【宗教リテラシー向上委員会】 「祝福」の意味──それでも「主がともにおられる」 與賀田光嗣 2026年4月1日

 勤務校はキリスト教主義学校のため、祝福式を行うことが多々ある。今年に入ってからは2回あった。一つは新講堂の起工式のためである。建設予定地を一周しながら詩編を唱えつつ、聖水を振りまいた。水を祝福し聖水となす時、「生ける水の泉であるキリスト」の祝福を求める。この土地、この建物が神に用いられるようにとの祈りがある。「父と子と聖霊のみ名によって」と口にしながら3度シャベルを盛り土に入れるのは一つの土着化、良く言えば文化内受肉かもしれない。ここでの趣旨の一つは土木従事者の安全である。

 もう一つは勤務校の野球部壮行式でのことだ。このコラムが発行されているころには試合が終わっているが、春の選抜、甲子園出場が決定した。部員一人ひとりに香炉を用いて、煙を振り祝福をした。キリストの香りを身にまとうことによって、一人ひとりが平等であることを示す水平の意味。煙が地から天に立ち上がるように、祈りが人と神をつなぐ垂直の意味。つまり香の煙には十字架の象徴的意味がある。

 どちらも神の祝福を求めるものだが、ここで考えたいのは祝福の意味である。祝福とは単なる幸せを求めるものなのだろうか。

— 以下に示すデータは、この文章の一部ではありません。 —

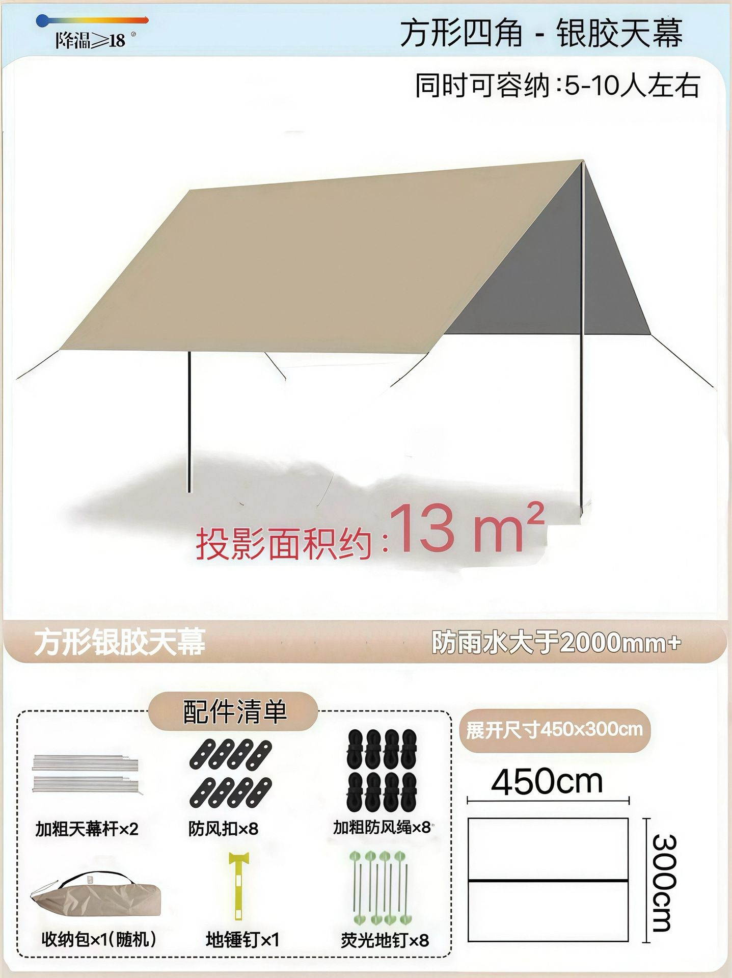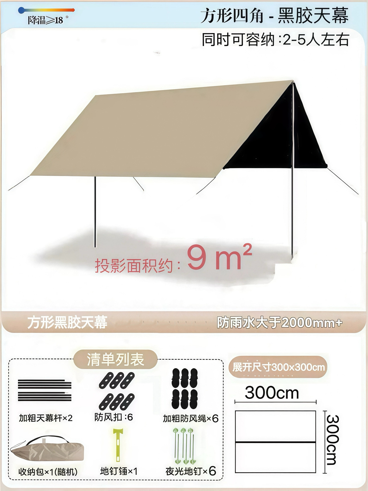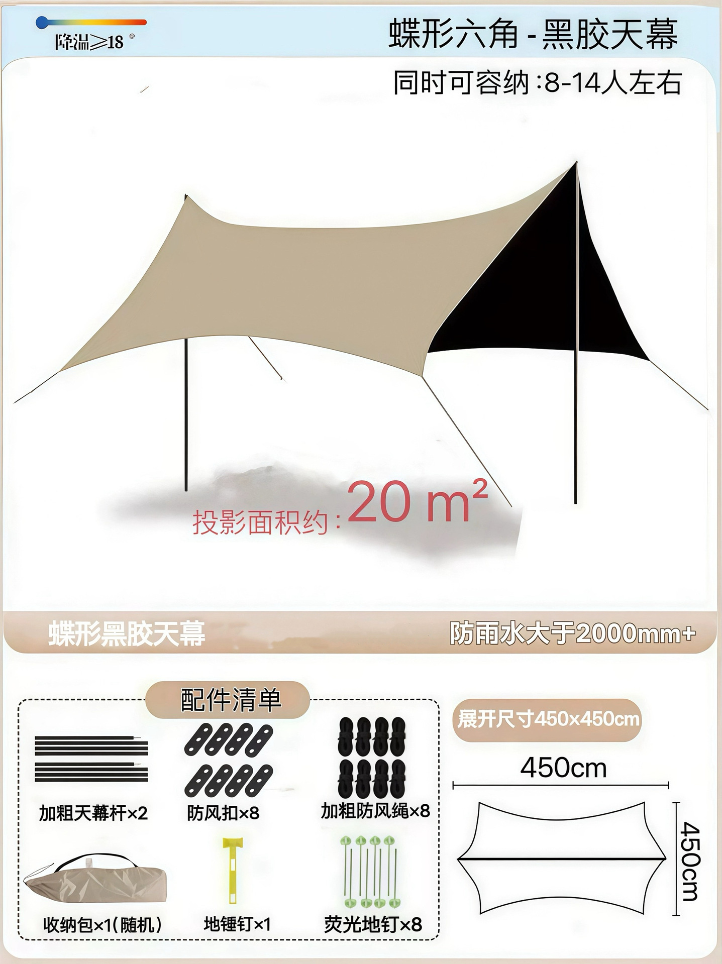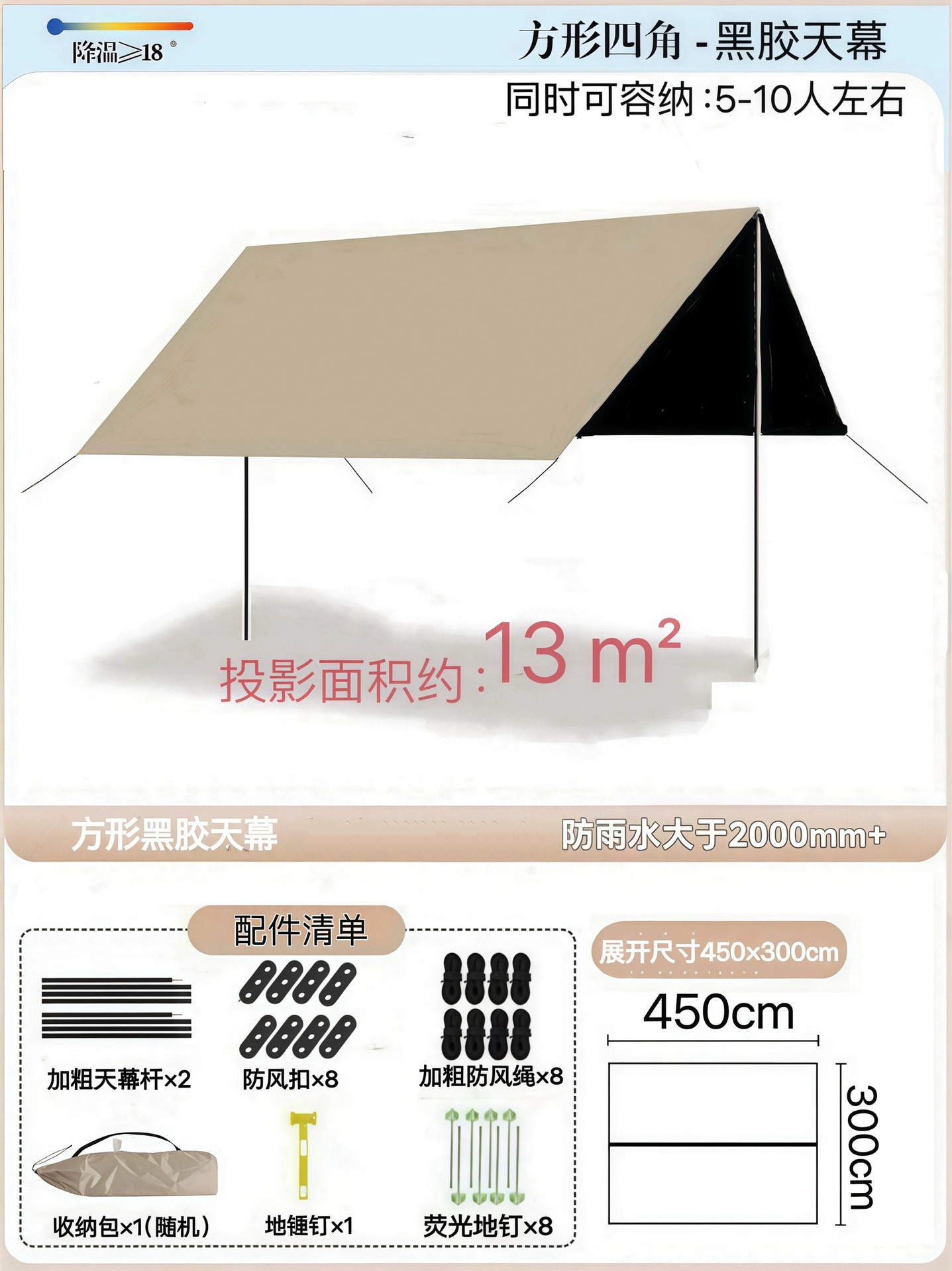 Наружный тент с серебряным покрытием, наружная защита от солнца, черный пластиковый четырехполюсный навес, оборудование для кемпинговой палатки, защита от ультрафиолета и защита от дождя.

 新約聖書の冒頭にて目に飛び込んでくる祝福のシーンの一つは、マリアの受胎告知である。「おめでとう、恵まれた方。主があなたとともにおられる」。マリアはこの言葉を深く思い巡らした。天使はマリアに祝福を告げるのだが、これは分かりやすい意味での祝福ではなかった。マリアの生涯は苦難に満ちた生涯だった。夫以外の子を宿したことが発覚すると石打の刑で殺されてしまうかもしれない。婚約者のヨセフは悩み別れを決意する。婚約を解消すれば、マリアは殺されないからだ。しかし、ヨセフは「神の助けによって」、自分の子どもではないイエスを神から預かった命として育てることを決意する。「神がともにおられる」ことに支えられたヨセフの姿がある。

 だが、若い夫婦の苦難は続く。ヘロデの命令で嬰児が殺されることとなり、若い夫婦はエジプトへ逃れ、政治難民となった。自分たち親子のために、多くの子どもたちが殺されていく。

 マリアとヨセフの人生は、私たち人間の人生の縮図である。「なぜ自分だけがこんなにもつらい目にあうのか」、あるいは「なぜ自分だけがこんなにも恵まれていていいのか」。人生とは、常にこの二つの問いが投げかけられるものだ。

 だからこそ祝福とは、単に幸せを願うということだけではない。どんな人生においても神が常に「あなたとともにおられる」ことを、告げるということこそが祝福であるのだ。

 人間の一つの視点ではなく、マリアが、ヨセフが天使によって励まされたように、神から見た私たちの人生を告げるということだ。

 そんな人間の人生こそが、常に問いが投げかけられる人生こそが、それでも主がともにおられる。祝福は確かにあった。祝福された人生であった。そのことをマリアの人生は、受胎告知は示しているのだ。それは私たちが受け入れがたい様々な状況でも、それでも神はともにおられるということを示している。

 東日本大震災が起きた後、教会のボランティアで被災地の福島を訪れた。ある方が私に告げた言葉を鮮明に覚えている。「どうか『祝福』をしてほしい」

 あれから15年が経つ。被災地の人々には一人ひとりの名前とそれぞれの人生がある。勤務校の新講堂に集まる生徒、保護者、教職員にはそれぞれの人生がある。甲子園を終えた球児たちにもそれぞれの人生がある。どんな人生においても神が「あなたとともにおられる」ということ、そして「私たちはともにいる」ということ、「祝福」の意味を深く思い巡らしたい。

*2017年から継続してきた本連載は今回で最終回となります。ご愛読いただきありがとうございました。

與賀田光嗣(神戸国際大学付属高等学校チャプレン)
 よかた・こうし 1980年北海道生まれ。関西学院大学神学部、ウイリアムス神学館卒業。2010年司祭按手。神戸聖ミカエル教会、高知聖パウロ教会、立教英国学院チャプレンを経て現職。妻と1男1女の4人家族。